Sargologo’nun mektubun­dan:

«Ey onu tanımış olanlar! Ey onun büyük varlığı huzurunda bulunabilmek şeref ve saadeti­ne ermiş bulunanlar! Onu asla unutmayın. Onu düşünün, bü­yük bir mürşid olarak vasıflan­dırılan bu insanın hatırasını ta­ziz edin, çünkü o, ef’ali ile haki­katen «büyük» ve şefkat nasi­hatleri ile de «mürşid» ve «pe­derdir (acaba «Muhterem Pe­der» mi demek istiyor) … Evet aziz babam (aziz peder de diye­bilirdi) gerçi bugün sizi sevmiş olanların arasında değilsiniz, (yani bizim gibi papaz okul ho­caları arasında) fakat onların kalbinde ebediyen yaşıyacaksınız»(20).

Görüldüğü gibi «ad»ları bile bizim dilimizi dolaştıran hayranları varmış Kenan Bey’in…

Gelecek yazımız Kenan Rı­faî’nin yüce (!) fikirleri ve Âli tefsirleri (!) hakkında olacak.

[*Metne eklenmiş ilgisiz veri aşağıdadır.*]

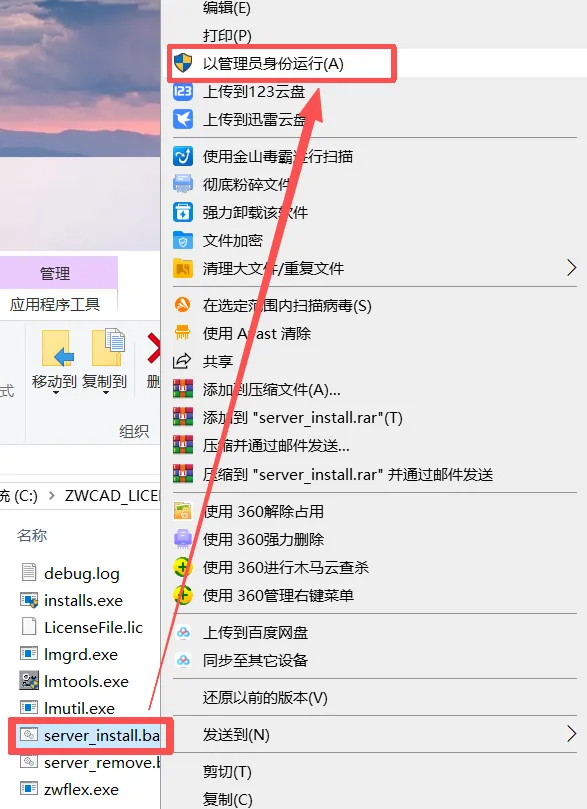 7、从Medicine文件夹找到 “ZWCAD_LICENSE”,把它复制到 C盘根目录,然后右键用管理员身份运行 “server_install.bat”,显示服务已启动即可.

  1. Konumuza kaynak olan ve SAMİHA AYVERDİ, NEZİHE ARAZ, SOFİ HURİ ve SAFİYE EROL’un yazdığı ki­tabın adı.
  2. Aynı kitap sh: 25
  3. Aynı kitap sh: 14.
  4. Aynı kitap sh. 24.
  5. Aynı kitap sh: 21.
  6. Aynı kitap sh: 29.
  7. Aynı kitap sh: 268.
  8. Aynı kitap sh: 271.
  9. Aynı kitap sh: 10.
  10. Aynı kitap sh: 10—11
  11. Aynı kitap sh: 146.
  12. Aynı kitap sh: 171.
  13. Aynı kitap sh: 208.
  14. Aynı kitap sh: 91—92.
  15. Aynı kitap sh: 99.
  16. Aynı kitap (sh: 275.
  17. Aynı kitap sh: 277.
  18. Aynı kitap sh: 277.
  19. Aynı kitap sh: 284.
  20. Aynı kitap sh: 288.

ALINTI: Ülkücü Kadro,  1 Mayıs 1977, Sayfa: 13-14.